Externalizing symptoms

A similar set of findings emerged with respect to externalizing outcomes. The sample as a whole had a mean Externalizing T-score of 56.6 (SD = 10.6, Range = 32.0–97.0), with 22.8% of participants' scores falling at or above 65. Within the younger age group, significant variance was accounted for at each level of the regression model, with unique variance accounted for by ASD symptoms [3.8% of variance, F_{(1, 1681)} = 68.13, p < 0.001], psychosocial factors [6.0% of variance, F_{(9, 1672)} = 12.34, p < 0.001], and GI concerns [1% of variance, F_{(1, 1671)} = 16.42, p < 0.001]. In total, the combined model accounted for 10.2% of the variance in externalizing symptoms [F_{(11, 1682)} = 18.31, p < 0.001]. As shown in Table 4, there were unique contributions from ASD symptoms, verbal IQ, adaptive behavior, family income, and GI symptoms. Externalizing behavior was higher when children had higher levels of ASD symptoms, higher verbal IQ, lower adaptive behavior, lower income, and more GI concerns.

Table 4.

Unique contributions of child and family factors to externalizing symptoms.

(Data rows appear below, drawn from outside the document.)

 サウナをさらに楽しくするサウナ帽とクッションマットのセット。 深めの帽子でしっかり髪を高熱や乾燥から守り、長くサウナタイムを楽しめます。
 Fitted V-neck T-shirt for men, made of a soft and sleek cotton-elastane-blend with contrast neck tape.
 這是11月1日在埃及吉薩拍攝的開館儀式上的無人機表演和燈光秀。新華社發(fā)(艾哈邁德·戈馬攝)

	Younger age group		Older age group
	(4 years < 10 years)		(10 years < 18 years)
	β	t	β	t
ASD symptoms	0.12	4.55^***	0.20	5.54^***
Age	0.02	−0.98	−0.17	−5.37^***
Child sex	0.00	0.14	0.06	1.95
Verbal IQ	0.32	7.19^***	0.45	7.30^***
Nonverbal IQ	−0.07	−1.55	−0.22	−3.59^***
Adaptive behavior	−0.28	−7.46^***	−0.18	−3.56^***
Household income	−0.11	−4.65^***	−0.11	−3.51^***
RACE/ETHNICITY
African American	−0.01	−0.56	−0.03	−0.70
Asian	−0.04	−1.37	0.02	0.50
White	−0.03	−0.92	0.10	2.62^**
GI symptoms	0.09	4.05^***	0.12	3.83^***

Open in a new tab

^**

p < 0.01.

^***

p < 0.001. Externalizing symptoms assessed via Child Behavior Checklist Externalizing T-scores.

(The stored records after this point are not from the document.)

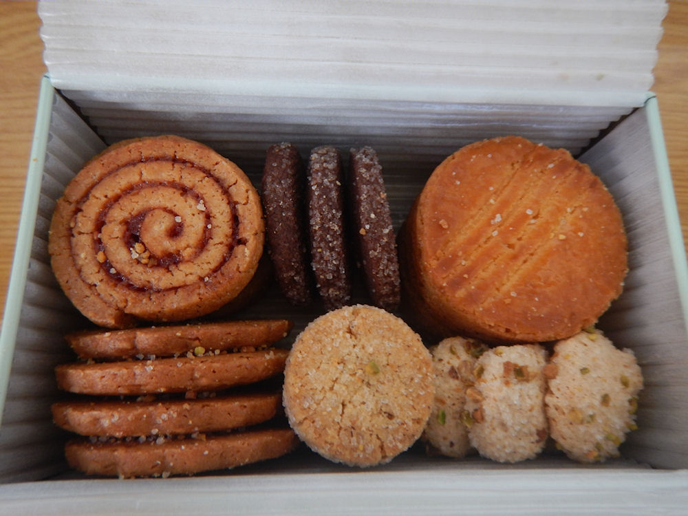 大きさの違うクッキーが仕切り板なしで美味しそうに入ってますね。この入れ方がスゴイ!
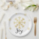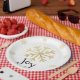 Pretty and chic faux gold snowflakes surrounding “JOY” in green for Christmas. Casual or elegant. Pretty festive plates for all your holiday needs.
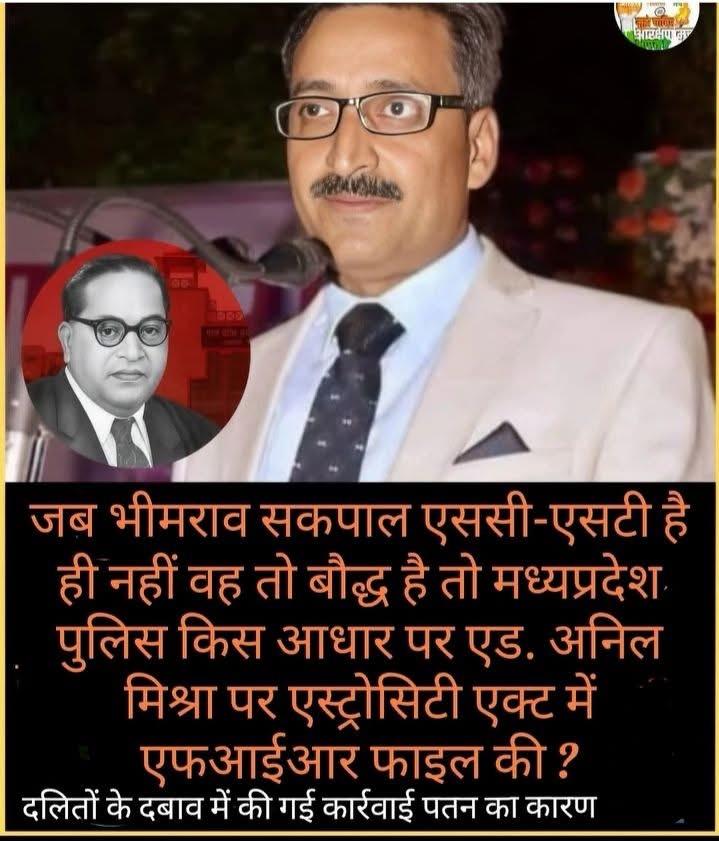 हाईकोर्ट का जब स्पष्ट निर्णय है कि जिसने अपना धर्म परिवर्तन कर लिया है उसे दलित की श्रेणी में नहीं रखा जाएगा तो मध्यप्रदेश पुलिस किस आधार पर एस्ट्रोसिटी एक्ट में Anil Mishra Adv व उनके साथियों पर एफआईआर दर्ज की ? इसका जवाब उन्हें देना पड़ेगा? क्या भीमराव सकपाल का पुलिस को दलित जाति होने का सर्टिफिकेट दिया गया?
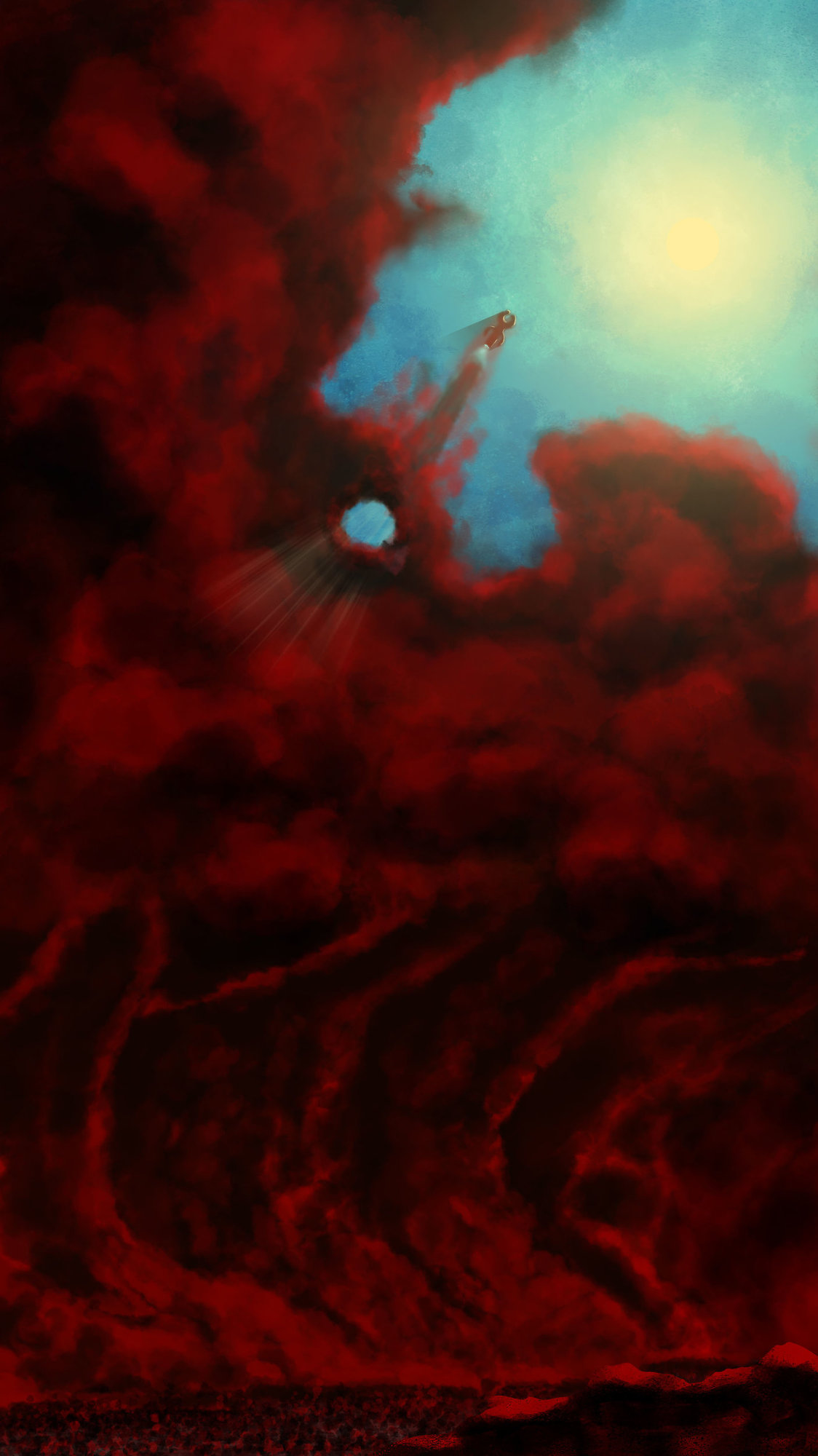 @thaddeus_bird Ouf ! J'aurai vu avec un peu moins de rouge dans tes nuages et un ciel orange, car il y a un méchant contraste avec ton ciel bleu/soleil et tes nuages. @Archange.St.Michael J'aime beaucoup ton dernier painting, surtout la forme des nuages. @TehaelBelle tornade, juste un truc. P'tre que tu aurais dû faire suivre le mouvement sur les nuages au dessus de la tornade...à voir J'ai un moment de libre et cela fait tellement longtemps que je n'ai pas fait d'exercices. Donc voila ma participation. 1 H 30 environs.2 points
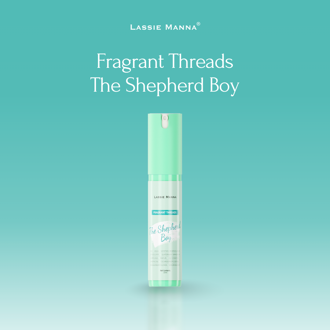 Lassie Manna Fragrant Threads –The Shepherd Boy is a versatile fragrance, deodorizing, wrinkle-removing, no-iron, no-wash fabric spray; spray designed for clothing, mattresses, fabric sofas, hard surfaces, cabinets, and indoor spaces. Infused with a woody scent, it effectively breaks down and eliminates unwanted odors such as sweat, smoke, mustiness, and cooking fumes. It also helps remove wrinkles formed on clothing. The result is a clean, fresh, and pleasantly fragrant environment that enhances your comfort and daily living experience.
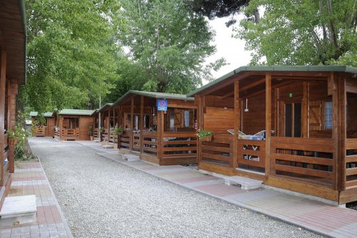 Gli 86 bungalow in legno sono di nuova costruzione, tutti elegantemente arredati e dotati di impianto di climatizzazione e riscaldamento, possono ospitare 2 , 4 o 6 persone.
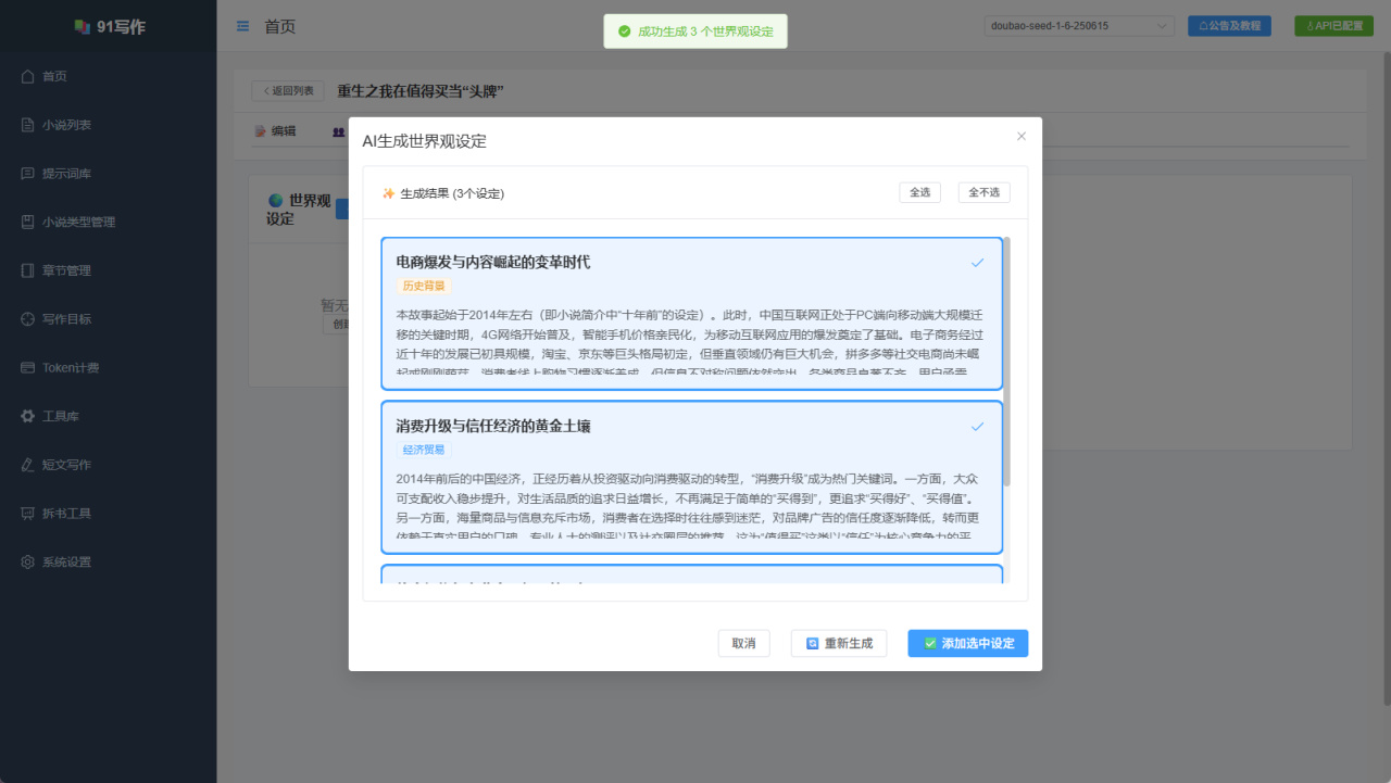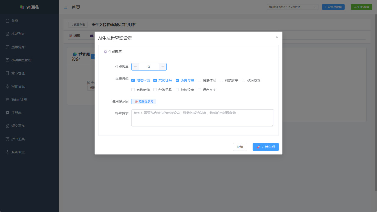 有了人物我們再來創建世界觀,這裏依然支持AI創建,還可以選擇設定類型,例如地裏環境、文化社會、歷史背景、魔法體系以及經濟等等,再宏大的世界觀應該都能搞定。

For older children and adolescents, there were again significant contributions from each level of the model [ASD symptoms: 5.3% of variance, F_{(1, 908)} = 52.35, p < 0.001; Psychosocial factors: 9.7% of variance, F_{(9, 899)} = 11.44, p < 0.001; GI symptoms: 1.4% of variance, F_{(1, 898)} = 14.64, p < 0.001], and the combined model accounted for 15.5% of the variance in externalizing symptoms [F_{(11, 909)} = 16.16, p < 0.001]. However, the relative contributions of individual predictors within the combined model were somewhat different, with significant contributions from ASD symptoms, child's age, verbal IQ, nonverbal IQ, adaptive behavior, family income, child's ethnicity, and GI symptoms. Externalizing behavior was higher when children were younger, and had higher levels of ASD symptoms, higher verbal IQ, lower nonverbal IQ, lower adaptive behavior, lower income, parent-reported white ethnicity, and more GI concerns.

Self-injurious behavior

Among the younger children in the sample, the regression model predicting self-injurious behaviors revealed significant unique variance associated with each level of the model, including ASD symptoms alone [4.6%, F_{(1, 1681)} = 82.89, p < 0.001], psychosocial factors [4.4%, F_{(9, 1672)} = 9.02, p < 0.001], and GI concerns [1.1%, F_{(1, 1671)} = 21.31, p < 0.001]. In total, the combined model accounted for 9.7% of the variance in self-injurious behaviors [F_{(11, 1682)} = 17.36, p < 0.001]. Unique contributions were associated with ASD symptoms, adaptive behavior, family income, and GI concerns. Self-injurious behaviors were higher for children with more ASD symptoms, lower adaptive behavior, lower income, and more GI concerns. See Table 5.

Table 5.

Unique contributions of child and family factors to self-injurious symptoms.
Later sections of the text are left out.